Tuesday Apr 21, 2009

Video: Top 5 Cool Features of the Sun Storage 7000 Unified Storage Systems

A couple of weeks ago, Marc (our producer from the HELDENFunk Podcast) and I sat down and put together a video about the top 5 reasons why the new Sun Storage 7000 systems are so cool. We even "invited" Brendan Gregg to show us his latest trick:

For the next video, I'll try to learn more phrases by heart and look less at the prompter screen for a more natural feel. I apologize for my German accent (some people say it adds credibility :) ). Still, people seem to like the video, at least it has been viewed about 200 times already.

There's a lot of discussion around the Sun Storage 7000, most of it is very positive. In Germany, we like to complain a lot so of course we also hear a lot of constructive criticism. Most of the comments I hear fall into one of the two following categories:

  1. The Storage 7000 systems are cool, but I know ZFS/OpenSolaris can do "X" and I really want this to be in the Storage 7000 GUI as well!
    Yes, we know that there are still many features we'd like to see in the Storage 7000 and we're working on making them available.
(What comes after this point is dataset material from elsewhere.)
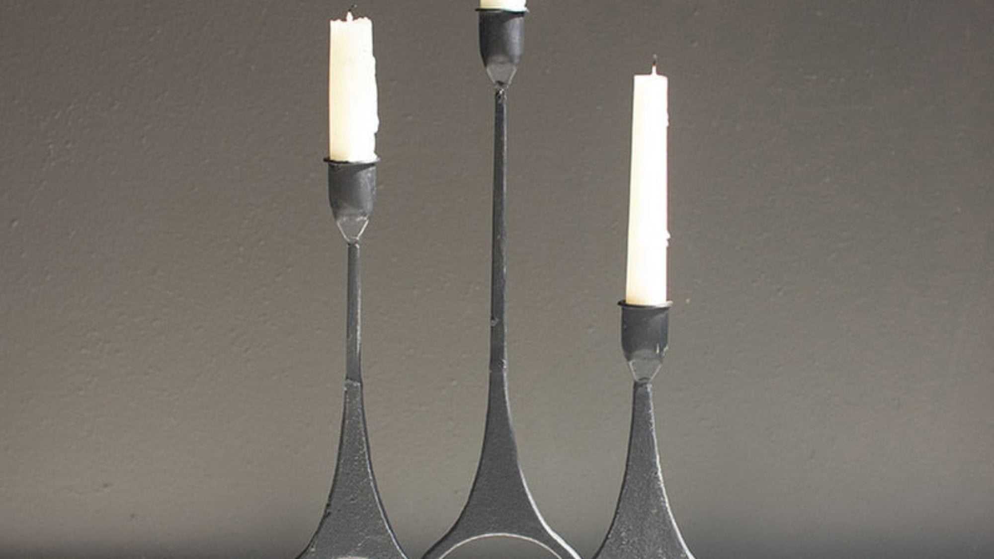 SKU - KAL-CBL1030- Includes three forged cast iron taper candle holders
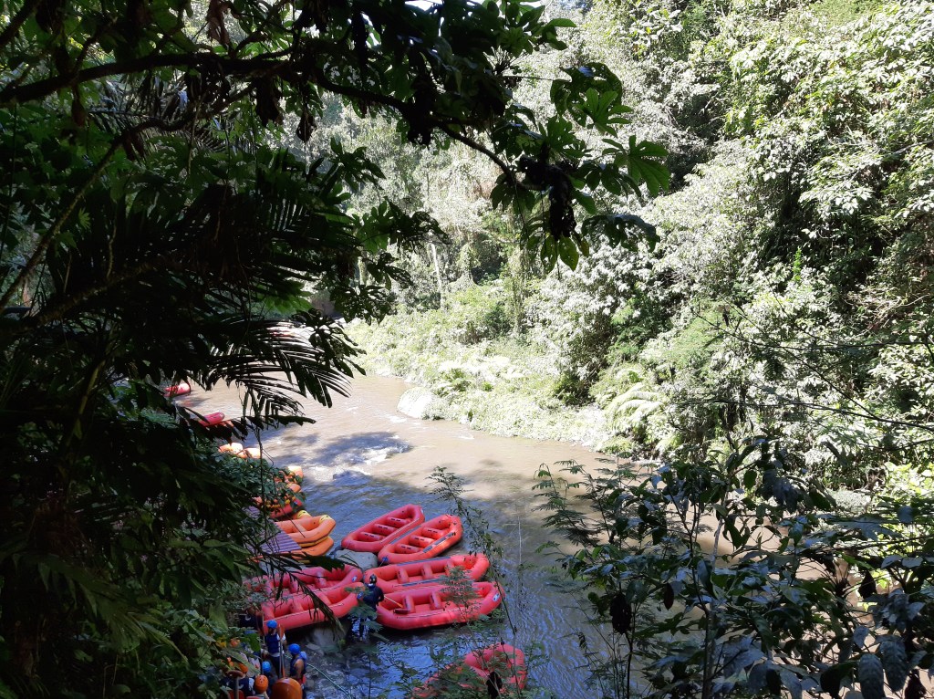 On enchaîne les rapides et les parties calmes de la rivière Ayung sans incident cette fois. La vue est à couper le souffle. Un mélange d’adrénaline et d’émerveillement. C’est une expérience qu’on recommande vivement. Nous avons choisi la rivière Ayung qui est moins difficile que Telaga Waja. On n’a pas été déçu.

Make sure your Sun contact knows about your wishlist, so she can forward it to our engineers. Please remember that the Storage 7000 systems are meant to be easy-to-use appliances: Taking your "X" feature from ZFS/OpenSolaris and building a GUI around it is a hard thing to do, especially if you want it to work reliably and if you want it to be self-explanatory and self-serviceable. Please be patient, we're most probably working on your favourite features already.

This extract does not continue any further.